Copper, a leading indicator of the financial markets and the economy, has confirmed a long-term bearish trend. This does not augur well for global equities. However, India and China may hold the key to killing the bear, at least in the medium term.
The prices of copper have been rolling over at a slow pace since February, reacting to the monetary tightening in India and China. These two countries are large consumers of the metal and, as their central banks began increasing the cost of money, copper prices weakened. The reason is simple: as the return on cash increases, people move out of copper to cash. Also it becomes more expensive to hoard copper.
Copper, or for that matter, the equity markets, can turn bullish if the central banks of the two countries begin easing money supply. That, combined with the accommodation of the US Federal Reserve, will definitely give a caffeine rush to the markets.
But those rallies will be short-lived unless India and China can return to real growth with low inflation and the western economies can avoid a double-dip recession. As proven by the quantitative easings in the US, the financial markets cannot sustain bull runs with monetary stimulus alone.
These are the opinions of economists - and this analyst. But buyers and sellers in the market far outnumber economists and analysts. So let’s look at what these buyers and sellers are doing and see who is winning based on the price action in the markets.
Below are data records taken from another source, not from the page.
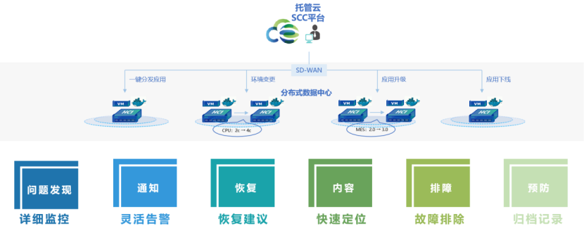 托管云SCC管理中心统一运维、远程升级乃至应用推送,副中心无需专业IT人员,采用自动化的手段,降低总部人员对大量边缘节点的运维的难度。分支节点开箱即用,新业务上线时间缩短70%,日常运维效率提升50%以上。
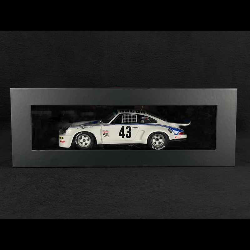 This 1/18 scale resin replica pays tribute to the Porsche 911 Carrera RSR No. 43, winner of the 1977 24 Hours of Daytona with Hurley Haywood, John Graves and Dave Helmick. The racing livery is faithfully reproduced with sharp, precise markings, while the bodywork highlights the RSR's distinctive aerodynamics and wider lines. The details – headlights, rims, air intakes and specific racing elements – are finely executed, offering remarkable realism. Delivered with its display case, this collector's item combines quality finish, historical authenticity and elegance, ideal for enthusiasts of endurance racing and classic Porsches.
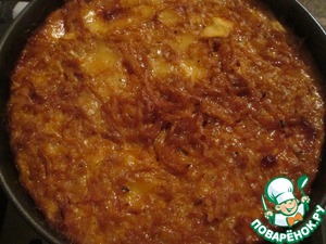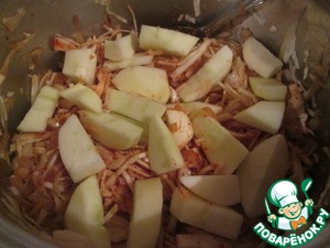 Добавить паприку, посолить, поперчить, положить сверху яблоки и тушить под крышкой на медленном огне 20 минут.
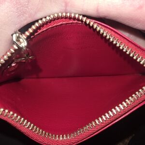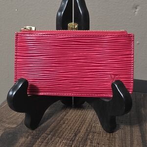 Excellent pre-owned condition Authentic Louis Vuitton Red (Scarlett color)Epi Leather Coin Pouch (Zippy Coin Purse in Epi) is a small, functional accessory crafted from durable, textured Epi leather. It is designed to hold coins, cards, and keys, often featuring a secure zipper with an LV logo pull. No corner wear, no stains & no odors. Only wear would maybe by the zipper see pic 5. Gold hardware has a very little tarnishing.
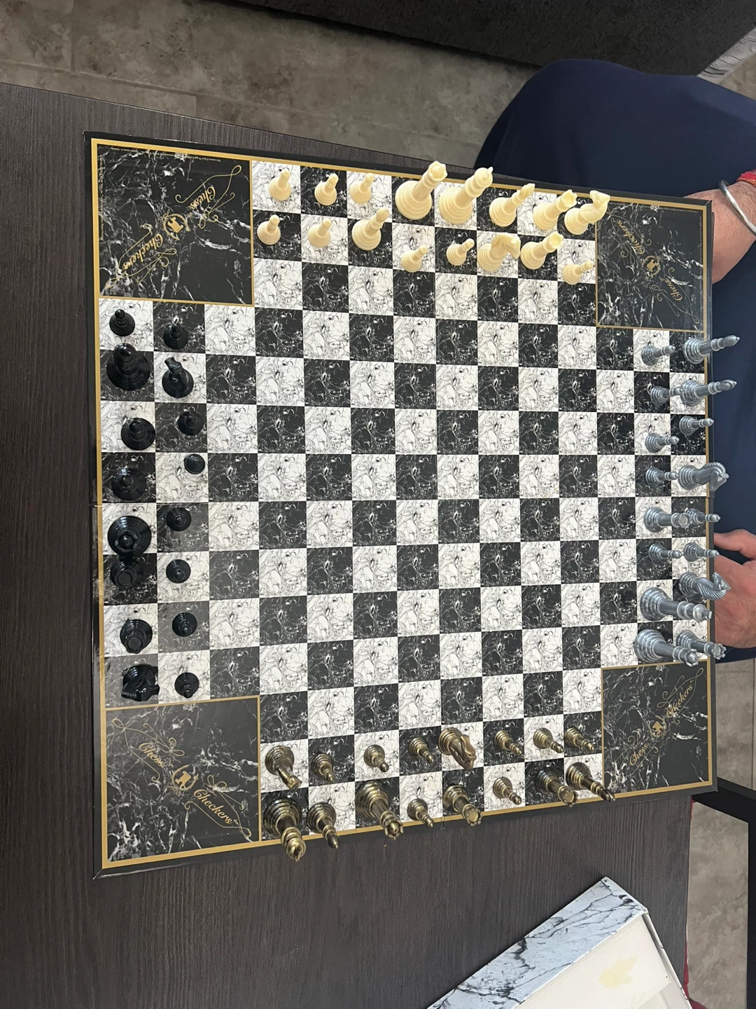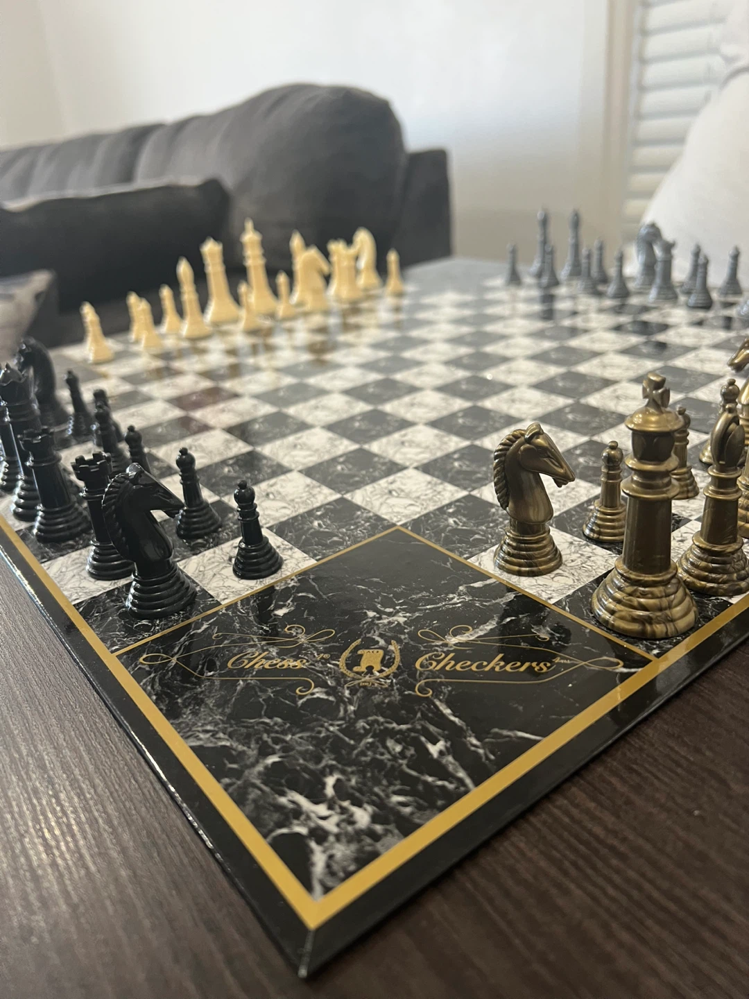 Selling a Chess4 set that includes both chess and checkers! The board has a beautiful marble design, adding a touch of elegance to your game nights. It comes with gold and silver chess pieces, as well as black and red checkers pieces. The game board is 20" x 20". The box is included!

For it’s the buyers and sellers that have skin in the game. Arm-chair analysts can only gaze into the crystal-ball and hope they are right.
The relationship between copper, the equity market and the economy has been clearly established time and again. Since copper is used in most manufacturing processes, a fall in copper prices shows a drop in demand for the metal. This, in turn, indicates that manufacturers don’t need the metal as they foresee a slowdown in their business.
As manufacturing slows down, so does the economy. Since the stock markets discount the future, they tend to fall a little after copper prices fall, and vice versa, in a bullish scenario.
A look at the copper chart (view chart) will show theleading effect of this metal on the equity market. The copper chart is in green at the top and the S&P 500 equity index chart is at the bottom in orange.
Note that in December 2008, as shown by the white vertical line on the left, copper stopped falling and began to rally. However, the S&P 500 index began to rally only a few months later. Again in February 2011, as shown by the white vertical line on the right, copper had begun falling, but the S&P 500 continued to rally and fell strongly in the past couple of months. The yellow lines on the charts show how copper changed direction first and the equity markets followed.
Now let’s look at what copper prices are doing currently. The weekly copper chart (view chart) shows that the 30-week moving average is sloping down and prices are below it. A weekly chart is where each candle stick on the chart shows the price action for one week.
Long-term investors use a technique called the four stages of the market to see if prices are bullish, bearish or moving sideways. The markets move in four stages - sideways at the bottom, a rally, sideways at the top, and a selloff.
As long as prices are above the 30-week moving average and the average slopes up one stays bullish. When the average moves sideways with prices moving above and below it, one stays neutral. Finally, when prices fall below the average and the average slopes down, the bias is bearish.
Copper’s moving average began sloping down a month ago with prices below it. We feel that the bearish bias was confirmed as prices tried to rally last week, but could not break above the average. In a bearish market, the 30-week moving average acts as a ceiling to prevent prices from rising above it. In a bullish market, the average acts as a floor, preventing prices from falling below it.
As a trading strategy, one could stay short in the market as long as prices don’t close above the 30-week moving average of copper.